Last month at the G7 summit in Quebec, Canada, and last week at the NATO Summit in Brussels and during his UK visit, US President Donald Trump went out of his way to excoriate and humiliate America’s best friends and allies and undermine America’s most vital alliances. In a nationally broadcast TV interview on the eve of his face-to-face meeting with Russian President Vladimir Putin in Helsinki, Trump branded the European Union, which also includes the US’s closest security and economic partners, as America’s “foe,” equating it in the same sentence with Russia and China.

All of these events might appear as a carefully planned strategy to disassemble brick by brick America’s alliances and relationships with its closest allies and realign the country with some of the world’s most reviled autocrats. (Consider his disastrous and pointless meeting with North Korean leader Kim Jong-un in May.) Only, given the lack of planning and forethought that went into many of those events, including his meeting with Putin, it is more likely the president was behaving instinctively and reacting in his impetuously anti-multilateral style.

These are more than sufficient to provoke America’s concern about the direction Donald Trump is taking the country. It’s a course laid down nearly 75 years ago and followed by every US president and endorsed by every US Congress since 1945. It’s brought peace, stability and prosperity — albeit with considerable sacrifice as well — unseen in world history. Now America’s president wants to wreck it.
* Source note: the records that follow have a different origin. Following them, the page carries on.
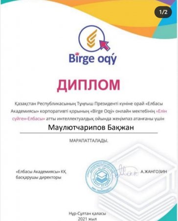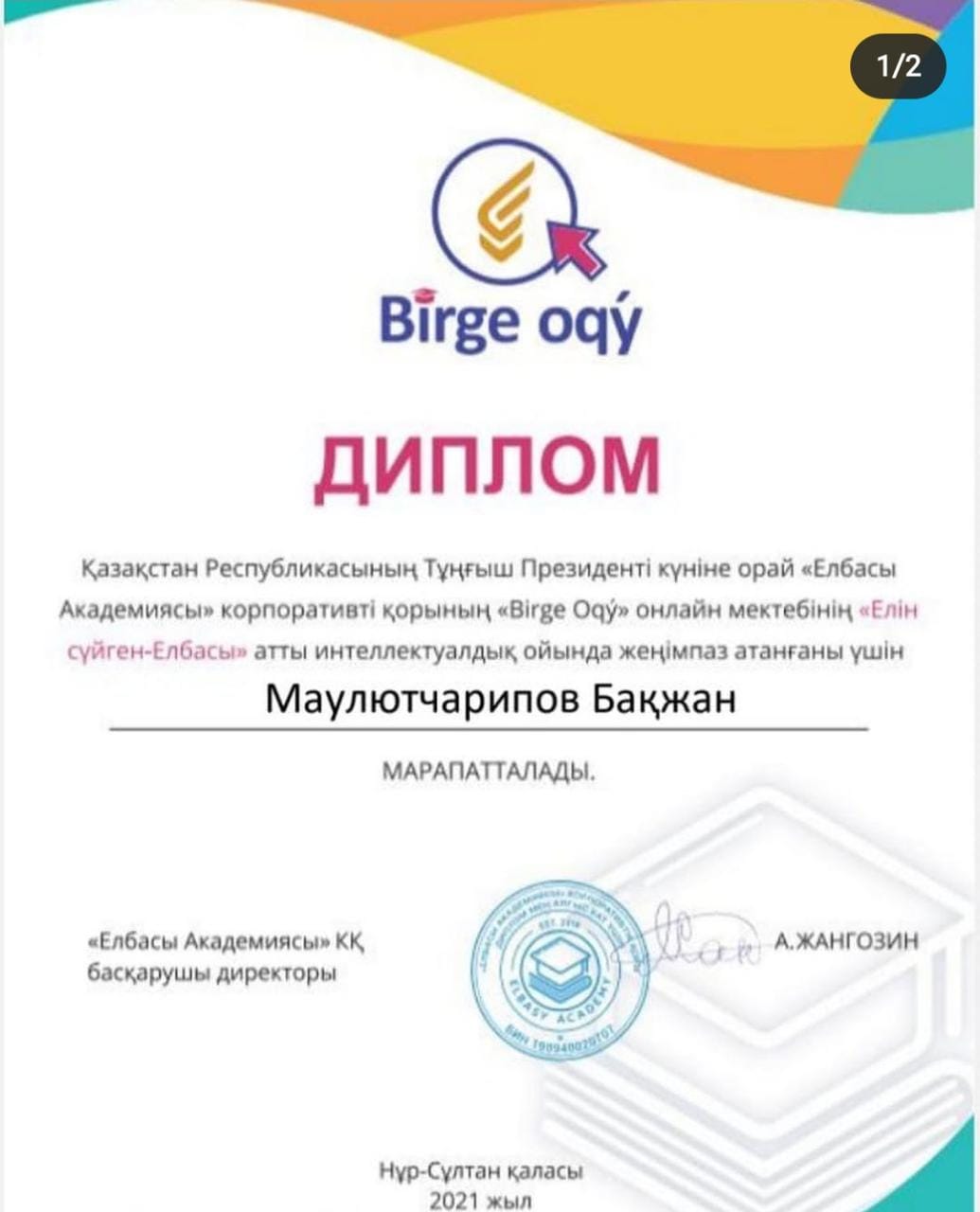 "Мың бала" олимпиадасының финалисті 7 "Ә" сынып оқушысы Маулютчарипов Бакжан 1 желтоқсан Тұңғыш Презеидент күніне орай ұйымдастырылған "Бірге оқу" - Қазақстандағы алғашқы онлайн мектептің "Елін сүйген-Елбасы" атты интеллектуалдық ойынының жеңімпазы атанды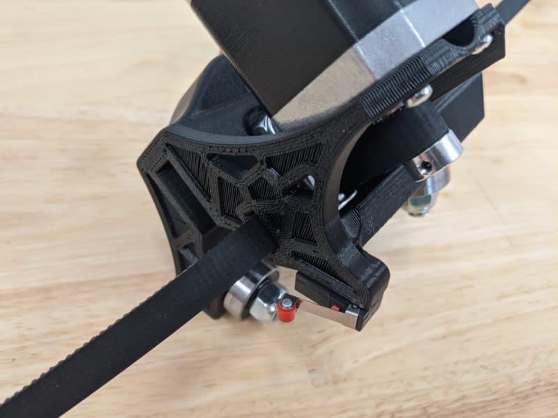 Si vous ajoutez les courroies maintenant, ce sera plus facile que d'aller à la pêche plus tard. Chaque axe a un ensemble de chariots miroir, c'est donc un moyen facile d'associer également les courroies.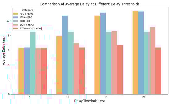 Figure 9 shows that AIFG consistently exhibits the lowest delay across all time requirements, outperforming all other methods. This is especially noticeable under higher time requirements (15 ms and 20 ms), where the delay is substantially smaller. Meanwhile, the FIFO-based method exhibits slower processing times due to its inherent characteristics. With a delay requirement of 5 ms, the average queue delay for AIFG, DQN + HEFG, AFG + HEFG, and IFG + HEFG is almost the same, ranging from 6 to 7 ms. However, at a 10 ms delay requirement, AIFG’s average queue delay is reduced by 19.39% compared to AFG + HEFG and by 40.33% compared to IFG + HEFG and by 8.9% compared to DQN + HEFG. At a 15 ms delay requirement, AIFG’s average queue delay decreases by 37.30% compared to AFG + HEFG and by 39.62% compared to IFG + HEFG and by 22.1% compared to DQN + HEFG. At a 20 ms delay requirement, AIFG’s average queue delay is 43.90% lower than AFG + HEFG and 43.45% lower than IFG + HEFG and 30.3% lower than DQN + HEFG. When the delay requirement is low (e.g., 5 ms), the queue length typically does not exceed the AFG threshold, so the algorithm’s performance is similar to that of AFG, and the advantages of AIFG are not fully manifested. However, when the delay requirement is high, AIFG dynamically optimizes the gap between frames, reducing delays and improving overall performance by adapting to changing conditions in the transmission environment. In this part, DQN + HEFG performs better than traditional rule-based approaches (AFG/IFG + HEFG) but does not reach the stability and optimization level of PPO-based AIFG. The simulation results validate the adaptability of the AIFG algorithm under varying delay requirements and the advantage of AIFG in reducing average queue delay.

America must confront yet another unparalleled spectacle — Trump in Helsinki. Fawningly standing alongside Putin at a press event, Trump officially denied the findings of his own intelligence community — the CIA, FBI and National Security Agency — and of a congressional investigative committee, and effectively declared that Putin and Russia did not interfere in America’s 2016 elections. Shockingly, he gave equal credence to Putin’s denials as he did to his intelligence community’s assessment, asserting he couldn’t understand why Russia would want to do such a thing. Observing Putin’s expression during the statement, one must wonder if Putin did not utter to himself, Wow, he just stole my line!

Then, as though he had not yet cravenly prostrated himself enough to placate his Russian puppet master, Trump went on to blame his own country along with Russia for the dismal state of relations between the two nuclear superpowers. By Trump’s logic, when it comes to the decline of US-Russia relations, America contributed in equal measure to Russia’s actions, which include: downing of a Malaysian passenger airliner over Ukraine that killed 298 people; invasion and annexation of territory in Ukraine; infiltration of forces and arming of separatist rebels in Ukraine; support for a murderous regime in Syria that has repeatedly gassed its own civilians and prolonged a devastating civil war; a nerve gas attack on citizens of key US ally, Britain, that killed one of them; violation of the Intermediate-range Nuclear Forces (INF) Treaty in Europe; and malicious and contemptuous interference in the elections of America’s president with the clear intent of favoring one candidate over the other.

Where’s the Indignation, Mr. Trump?

The last alone demanded a strong response by the American president in Helsinki. The 9/11 terrorist attacks brought down buildings and took the lives of nearly 3,000 Americans and citizens of other nations. But America’s institutions were undamaged. The destruction of facilities and even the murder of innocents could not undermine the pillars of America’s democracy. America’s electoral process is a fundamental institution of its democracy, however, and it was attacked by Russia. According to US Director of National Intelligence Dan Coats, Russia continues until today to attack America’s democratic institutions. Just hours after Trump’s appalling media event with the wily, former KGB agent Putin, Coats doubled down on his claim and contradicted his boss, reasserting that Russian cyber-meddling persists.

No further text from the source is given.